The Solid Waste Inspections and Compliance Unit conducts inspections and provides compliance assistance in the following areas:
Lead-Acid Battery Disposal
Automotive and household batteries are recyclable. To locate a nearby battery drop off site or recycler contact Earth 911 .
Another option is to bring your batteries to a household hazardous waste collection site or save them for a household hazardous waste collection event in your area. Contact your local city, town or county for times and locations.
Lead-Acid Battery Collection/Recycling Authorization
If the facility wants to be an approved battery collection site, complete and return the Battery Collection/Recycling Facility Authorization Application to:
Arizona Department of Environmental Quality
1110 West Washington Street
Phoenix, Arizona 85007
Home Medical Sharps Disposal
The handling and disposal of used home generated medical sharps such as needles, syringes, and lancets, are exempted from regulation in Arizona's Medical Waste Regulations (Arizona Administrative Code (A.A.C.) R18-13-1401 et seq.). However, these materials still need to be handled safely. ADEQ needs your help in ensuring that medical sharps are disposed of in a manner that minmizes health risks to garbage haulers, landfill personnel and the community.
Medical sharps should be placed in either a purchased medical sharps container (from a pharmacy or health care provider) or a heavy-plastic or metal container. The containers should be puncture-proof with a tight-fitting lid. Household containers such as plastic detergent bottles can be used if the following precautions are observed:
- Use heavy-duty tape such as electrical or duct tape to secure the lid to the container.
- Write the words "Not Recyclable" on the container with a black indelible marker. This helps to ensure the container will not be inadvertently mingled with recyclable materials.
- Do not use a clear or glass container.
- Do not over-stuff the containers with medical sharps (fill only to approximately: full). This can increase pressure on the lid and cause a release of the medical sharps.

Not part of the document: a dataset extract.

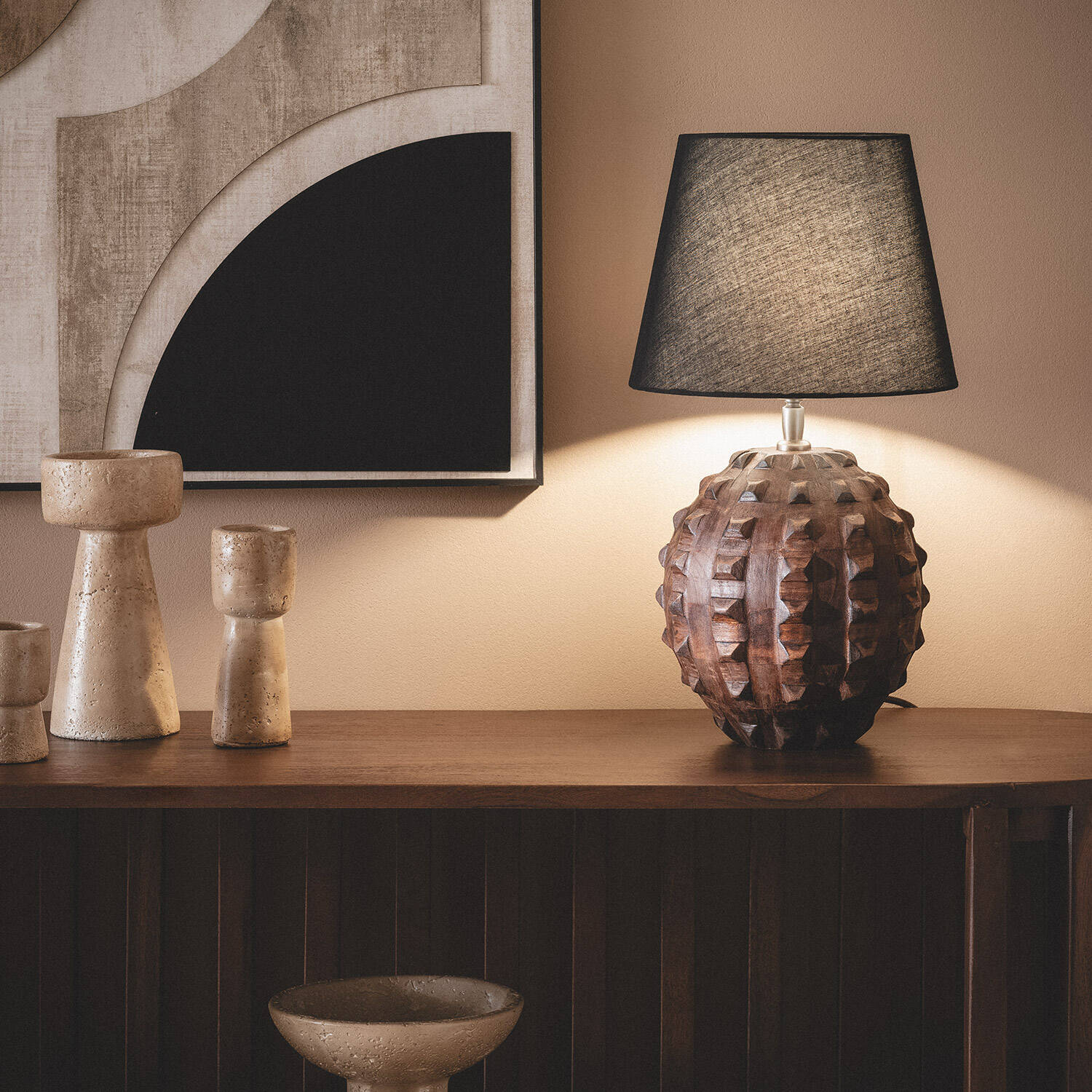 La lámpara de mesa Samesh II ILUZZIA destaca por su base artesanal en madera oscura con un diseño tallado que aporta textura y elegancia natural a cualquier espacio interior. Su pantalla negra complementa perfectamente el estilo sofisticado y contemporáneo, creando un ambiente cálido y acogedor. Compatible con bombillas E27 de hasta 40W, ofrece una iluminación funcional y decorativa ideal para salones, dormitorios o despachos. Incluye interruptor para un manejo cómodo y está certificada con CE, RoHS y UKCA, garantizando calidad y seguridad. Su resistencia a temperaturas de -20 °C a 50 °C y protección IP20 la hacen perfecta para uso en interiores. Además, cuenta con 3 años de garantía, asegurando durabilidad y confianza.

While waiting for a full container, keep out of reach of children and pets. Always wash your hands after touching medical sharps. Although other methods of disposal are preferred, the container may be placed in your regular trash for disposal once you have followed the precautions mentioned above.
Prescription Drug Disposal
The federal government has released guidelines which are designed to reduce the diversion of prescription drugs into surface waters, soils, and the groundwater to protect the environment. ADEQ has created the Prescription Drug Disposal brochure (en español) so you can properly dispose of your medications.
Effective August 15, 2005, A.R.S. § 44-1342 requires a tattoo needle and any waste exposed to human blood that is generated in the creation of a tattoo to be disposed of in the same manner as biohazardous medical waste, pursuant to section 49-761. View Senate Bill 2679 , which created this requirement.